Toro y Moi truly emits inner and outer peace

Photo by Cecilia Piga

 

Toro y Moi takes me back to my years in high school: playing Tame Impala, MGMT and Toro y Moi in the yearbook room, lying on the grass with our heads in a circle, feeling whole with the world and one with my friends… yeah, I did that.

On Nov. 5 at Corona Theatre, Chaz Bear, aka Toro y Moi, aka Chazwick Bradley Bundick, brought this back.

Bear, who changed his name four years ago when he married Samantha Beardsley, feels fresh, composed and genuinely happy; he emits a gentleness. He sings, his eyes squint, a smile spreads across his face. Moving across the stage in a dance that feels characteristic of Childish Gambino.

Blissful. Real. Truly himself, in love with his music; a joy that rubbed off on the crowd.

His band members feel very Portland – I’ve never been to Portland, any Portland, but that’s the vibe – complete with long shaggy hair, blundstones, thick socks, button down shirts and reusable canteen bottles. Bear wore an Everlane-esque get-up, mod wide-leg blue pants (not jeans), a black jacket, and a black mock neck, which he kept on the entire time – a rarity on stage. Performers usually strip halfway into the third song.

Photo by Cecilia Piga

The stage glows with simple, pleasing colours: pinks and purples, blues and greens, yellows, oranges, peaches… the instruments highlighted with bits of fluorescent orange tape scrawled with “TORO E MWA,” a translucent drum set of the same colour.

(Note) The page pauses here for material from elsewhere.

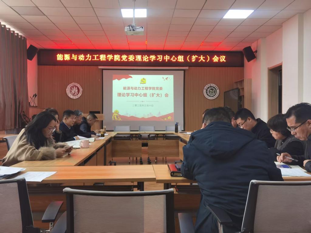 2025年3月10日下午,能源与动力工程学院党委举行理论学习中心组(扩大)会议,深入学习全国两会精神,重点围绕能源领域的发展成就和未来部署展开交流。院党委理论学习中心组全体成员、各党支部书记、各科室科长、各系主任、辅导员及教师代表参加了会议。会议由院党委书记胡向明主持。

His crisp lyrics linger, echoing not only in the theatre, but mashed up in my mind days after the show. 

You saved my life, I don’t want to be alone, I want somebody, I don’t have time for this weather… Die for my love… For a second I forgot who I was, I thought I was over you … now I don’t know who I am … I feel weak, uhuh… 

On Oct. 29, Toro y Moi released “Soul Trash,” a 30-minute long art film by the same name of a mixed tape released in January of last year. The duo moves away from simple lo-fi musician status and into the world of pure artistry. Sixteen minutes in, the film pauses to watch Bear, wearing a bucket hat, eat chips.

“I see two of you, I see one of me,” he says, pointing to the viewer, a photographer taking pictures of his reflection, I imagine. The whole thing is pretty obscure.

As though Bear was given a paintbrush, needle and thread to collage together this masterpiece, his new album, Outer Peace, feels authentic, not as laboured or crafted as I felt in some of his older albums. Now the poster child of chillwave, his music crosses boundaries, feeling very 70s indie pop with a sprinkle of some classic T-Pain autotune.

Outer Peace speaks to finding satisfaction, oneness and peace out in the world, rather than just within. Whether in blending genres, dance, work or just being present in a social environment… there’s no one way to find that.